The Complete Works of Swami Vivekananda/Volume 6/Epistles - Second Series/CVII Mrs. Bull
CVII
LUCERNE, SWITZERLAND,
23rd August, 1896.
DEAR MRS. BULL,
I received your last today. By this time you must have received my receipt
for £5 you sent. I do not know what membership you mean. I have no objection
to have my name to be put on the list of membership of any society. As for
Sturdy, I do not know what his opinions are. I am now travelling in
Switzerland; from hence I go to Germany, then to England, and next winter to
India. I am very glad to hear that Saradananda and Goodwin are doing good
work in the U.S. As for me, I do not lay any claim to that £500 for any
work. I think I have worked enough. I am now going to retire. I have sent
for another man from India who will join me next month. I have begun the
work, let others work it out. So you see, to set the work going I had to
touch money and property, for a time. Now I am sure my part of the work is
done, and I have no more interest in Vedanta or any philosophy in the world
or the work itself. I am getting ready to depart to return no more to this
hell, this world. Even its religious utility is beginning to pall me. May
Mother gather me soon to Herself never to come back any more! These works,
and doing good, etc., are just a little exercise to cleanse the mind. I had
enough of it. This world will be world ever and always. What we are, so we
see it. Who works? Whose work? There is no world. It is God Himself. In
delusion we call it world. Neither I nor thou nor you — it is all He the
Lord, all One. So I do not want anything to do about money matters from this
time. It is your money. You spend what comes to you just as you like, and
blessings follow you.
Yours in the Lord,
VIVEKANANDA.
PS. I have entire sympathy with the work of Dr. Janes and have written him
so. If Goodwin and Saradananda can speed the work in U.S., Godspeed to them.

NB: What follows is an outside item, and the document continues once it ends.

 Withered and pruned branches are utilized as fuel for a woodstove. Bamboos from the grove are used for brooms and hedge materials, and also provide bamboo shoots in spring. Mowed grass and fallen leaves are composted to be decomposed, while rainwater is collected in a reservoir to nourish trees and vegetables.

They are in no way bound to me or to Sturdy or to anybody else. It was an
awful mistake in the Greenacre programme that it was printed that
Saradananda was there by the kind permission (leave of absence from England)
of Sturdy. Who is Sturdy or anybody else to permit a Sannyasin? Sturdy
himself laughed at it and was sorry too. It was a piece of folly. Nothing
short of that. It was an insult to Sturdy and would have proved serious for
my work if it had reached India. Fortunately I tore all those notices to
pieces and threw them into the gutter, and wondered whether it was the
celebrated "Yankee" manners the English people delight in talking about.

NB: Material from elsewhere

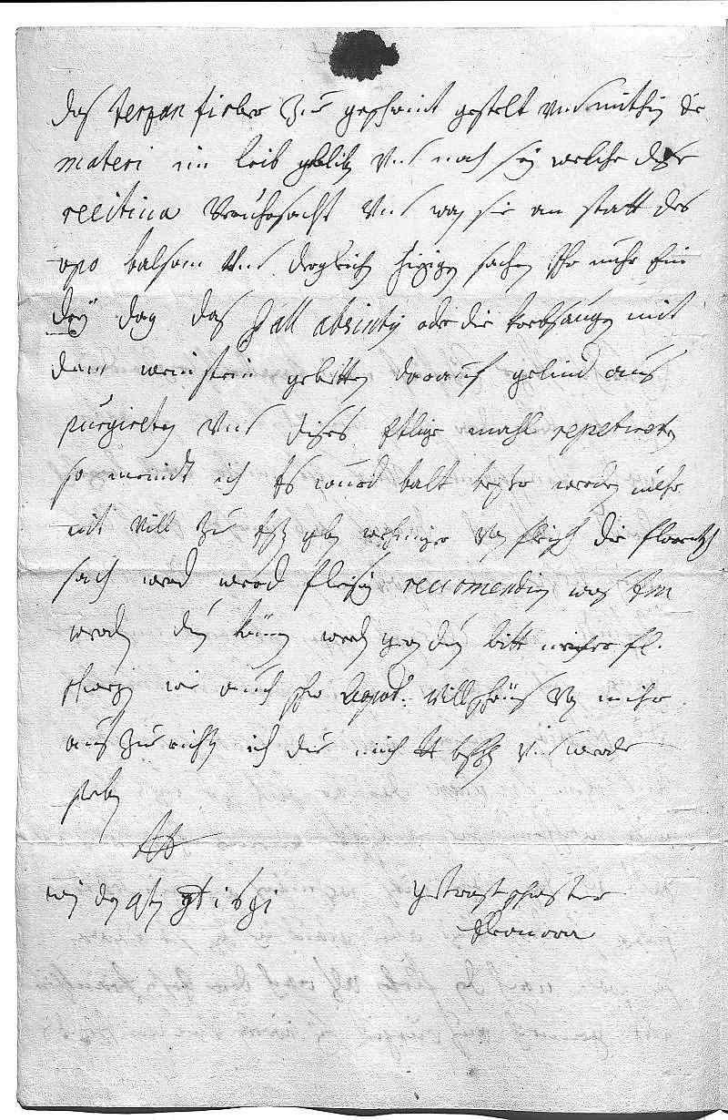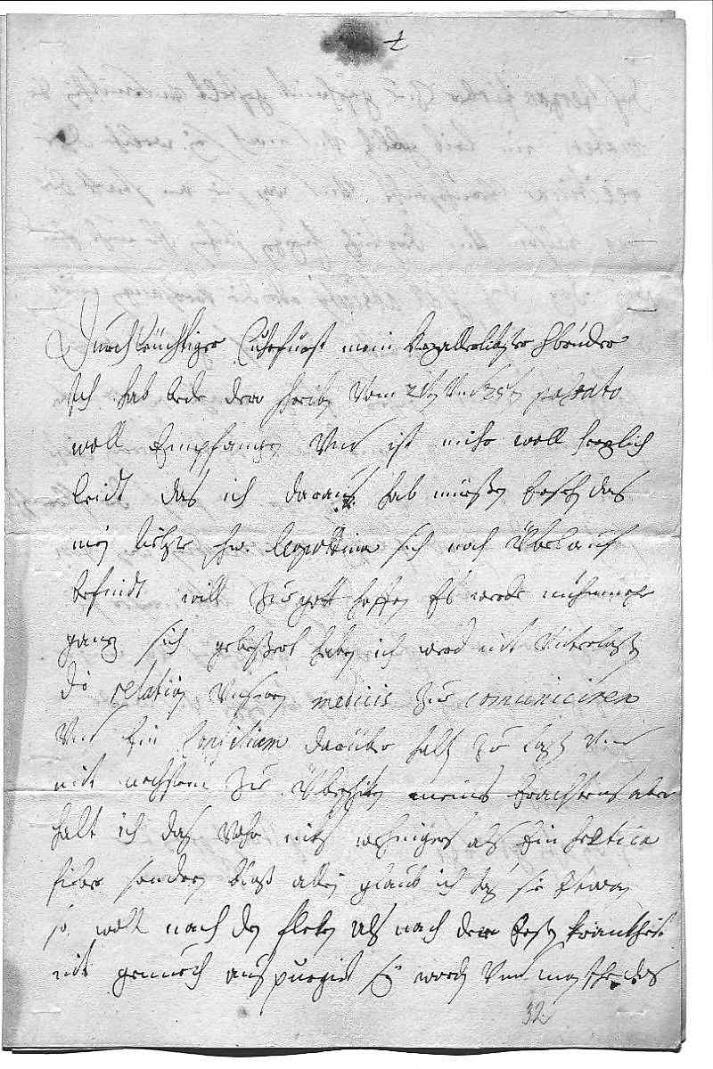 0001Durchleüchtiger Cuhrfürst, mein herzallerlibster herr bruder 0002Ich hab bede dero schreiben vom 21ten vnd 25ten passato0003woll empfangen, vnd ist mihr woll herzlich 0004leidt, das ich daraus hab müeßen ersehen, das 0005mein liebste schwester Lepoldina sich noch übelauf 0006befindt, will zue gott hoffen, es werde nuhmehr 0007ganz sich gebeßert haben. Ich werd nit vnterlaßen, 0008die relation vnseren medicis zue comuniciren 0009vnd ein consilium darüber halten zue laßen vnd 0010mit nechstem zue überschiken. Meines erachtens aber 0011halt ich das vohr niks wehnigers als ein hektica 0012fieber, sondern bloß allein glaub ich, das sie etwan 0013so woll nach den fleken als nach der ersten krankheit 0014nit genuech auspurgirt sey worden vnd man ihr das

Even so, I am no master to any Sannyasin in this world. They do whatever it
suits them, and if I can help them — that is all my connection with them. I
have given up the bondage of iron, the family tie — I am not to take up the
golden chain of religious brotherhood. I am free, must always be free. I
wish everyone to be free — free as the air. If New York needs Vedanta, or
Boston, or any other place in the U.S., it must receive them and keep them
and provide for them. As for me, I am as good as retired. I have played my
part in the world.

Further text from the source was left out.